Soldiers patrol the international Terminal at John F. Kennedy Airport in New York.


Standoff Over US Base Closure Sours US-Japan Ties

GINOWAN, Japan (AP) – When the U.S. took over a Japanese airfield here in the closing days of World War II, it was surrounded by sugarcane fields and the smoldering battlegrounds of Okinawa. It is now the focus of a deepening dispute that is testing Japan's security alliance with the United States and dividing its new government in Tokyo.
A large city has grown up around the base, and helicopters and cargo planes from the U.S. Marine Corps facility buzz so low over Futenma No. 2 Elementary School, whose playground fence borders the facility, that the windows rattle and teachers stop class until the aircraft are on the ground.
"It's just too much," said the school's vice principal, Muneo Nakamura. "I understand the political role the U.S. bases in Japan play. But we have to live here."
That Marine Corps Air Station Futenma must go is not the dispute. U.S. military officials agree the base must be moved. The problem is where.
The United States says that Futenma cannot be shut down until a replacement is elsewere on Okinawa, an idea that most Okinawans oppose. They have the ear of a new left-leaning Japanese government that took office in September and is reassessing the U.S.-Japan alliance.
The standoff has clouded relations between Tokyo and Washington, delayed a plan to restructure America's military presence in Asia and divided Japan's political leadership. It comes as China's rising military strength and North Korea's nuclear program are changing the security landscape in Asia, underscoring the importance for the U.S. and Japan of keeping the issue from creating a major rift.
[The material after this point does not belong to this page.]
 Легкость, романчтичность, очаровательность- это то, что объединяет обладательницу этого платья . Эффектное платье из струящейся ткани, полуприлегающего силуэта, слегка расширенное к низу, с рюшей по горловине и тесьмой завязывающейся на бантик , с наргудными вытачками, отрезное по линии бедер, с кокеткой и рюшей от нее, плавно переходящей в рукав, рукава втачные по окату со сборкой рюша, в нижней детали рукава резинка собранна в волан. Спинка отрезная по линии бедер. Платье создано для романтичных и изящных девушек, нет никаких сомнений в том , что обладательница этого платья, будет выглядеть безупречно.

In Ginowan, the city of 92,000 where the base is located, patience is wearing thin.
The Futenma facility, home to about 2,000 Marines and one of the Marines' largest facilities in the Pacific, is surrounded by urban sprawl.
The population density outside the base is roughly equivalent to downtown Tokyo. Intense training by helicopters and planes off a 9,186-foot (2,800-meter) runway has prompted residents to dub Futenma "the most dangerous base in the world."
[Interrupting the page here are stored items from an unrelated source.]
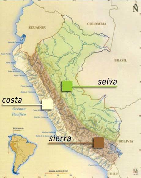 На территории Перу различия в рельефе и климате значительны. Всю страну можно разделить на три основных физико-географических региона:
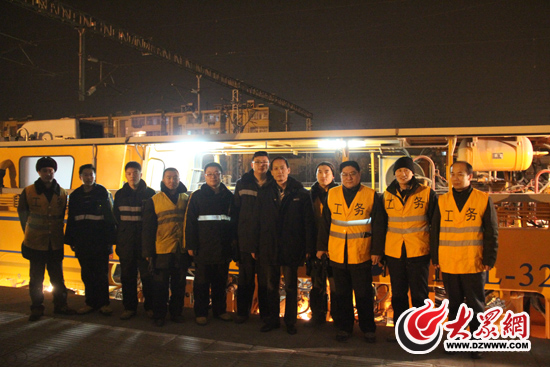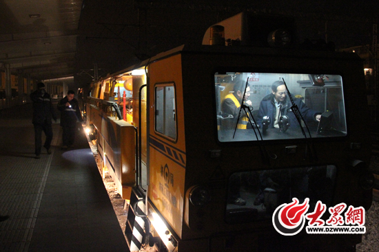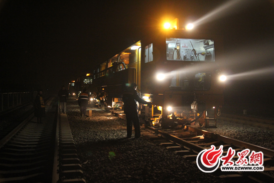 朱德泉 馬鑫 來(lái)源: 大眾網(wǎng)[提要] 1月13日晚上8點(diǎn)28分,淄博市臨淄火車站前,漆黑、安靜。大眾網(wǎng)記者跟隨濟(jì)南鐵路局工務(wù)機(jī)械段的20多名維修工走上月臺(tái)。此時(shí),鐵軌上,一組50多米長(zhǎng)的維修機(jī)車正靜臥在膠濟(jì)鐵路客運(yùn)專線上,等待我們的到來(lái)。
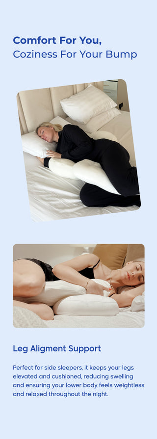 The modular design adapts to your back, belly, or legs, meeting your changing needs during pregnancy and beyond. Perfect for any sleep position, it ensures optimal alignment, reduced pressure, and personalized comfort.
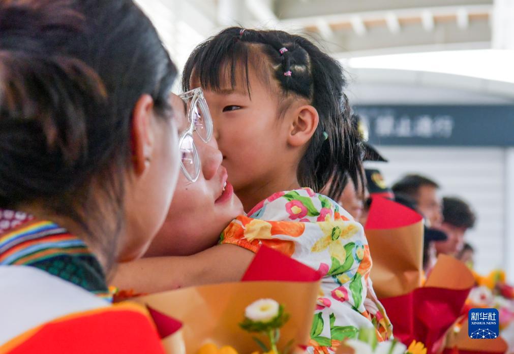 8月7日,在乌鲁木齐站,Z180次列车乘务人员家属迎接亲人归来。新华社记者 王菲 摄

The base takes up roughly a quarter of the city's land. Residents must drive around it, causing traffic jams, delays and frustration. Sewer and water lines have been detoured around its perimeter.
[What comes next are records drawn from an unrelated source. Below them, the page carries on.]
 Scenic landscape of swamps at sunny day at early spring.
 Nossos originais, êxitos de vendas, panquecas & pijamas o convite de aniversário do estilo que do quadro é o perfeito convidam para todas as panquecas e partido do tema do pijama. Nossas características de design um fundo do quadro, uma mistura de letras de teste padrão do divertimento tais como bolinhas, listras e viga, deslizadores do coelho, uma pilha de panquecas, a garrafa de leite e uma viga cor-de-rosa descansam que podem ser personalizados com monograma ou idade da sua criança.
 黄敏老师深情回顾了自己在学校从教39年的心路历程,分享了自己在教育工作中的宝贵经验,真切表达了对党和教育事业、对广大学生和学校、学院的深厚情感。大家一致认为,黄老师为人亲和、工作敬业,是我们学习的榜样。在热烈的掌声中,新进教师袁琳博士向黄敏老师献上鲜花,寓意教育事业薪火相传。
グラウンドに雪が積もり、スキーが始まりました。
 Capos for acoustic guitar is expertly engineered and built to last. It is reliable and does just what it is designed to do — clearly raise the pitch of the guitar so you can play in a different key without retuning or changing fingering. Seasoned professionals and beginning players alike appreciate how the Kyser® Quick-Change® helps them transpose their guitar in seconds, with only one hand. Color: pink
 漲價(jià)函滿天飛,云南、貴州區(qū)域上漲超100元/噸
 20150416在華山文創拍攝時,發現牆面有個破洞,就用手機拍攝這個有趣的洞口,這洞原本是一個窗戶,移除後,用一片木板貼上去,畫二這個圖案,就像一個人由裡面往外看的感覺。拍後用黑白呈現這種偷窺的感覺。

"This base violates so many regulations and safety rules that it would be illegal to operate it in the United States," Yoichi Iha, the mayor of Ginowan, told The Associated Press. "The situation has just been left to fester for too long, and no one has been willing to accept responsibility to do anything."
He also accused the Marines of regularly ignoring agreements on when and where they can fly. The city is installing a 2 billion yen ($20 million) radar system next year to keep tabs on them. A Japanese court ruled last year the noise levels are unacceptable, and ordered the Japanese government to compensate residents. An appeal is ongoing.
Lt. Col. Douglas Powell, a spokesman for the Okinawa Marines, said no flights are conducted after 11:00 p.m. and the airstrip is closed on Sundays.
"Night training flights are limited to the minimum required to fulfill assigned missions and maintain aircrew proficiency," he said. "Flight patterns can vary due to weather conditions such as wind velocity and wind direction. Marine Corps pilots make every effort to minimize overflight of civilian population centers, but, first and foremost, must ensure safe flight operations."
Progress on the Futenma issue has generally only occurred after major incidents have sent Okinawans into the streets in protest.
Following a public uproar over the rape of a local schoolgirl by two Maines and a sailor, Tokyo and Washington agreed in 1996 to close the base. The deal bogged down in the details, including finding an alternative site both sides could agree on.
After a helicopter from Futenma crashed on the Okinawa International University campus near the base in August 2004, another agreement was announced in 2006. The university was closed at the time and no one was killed on the ground.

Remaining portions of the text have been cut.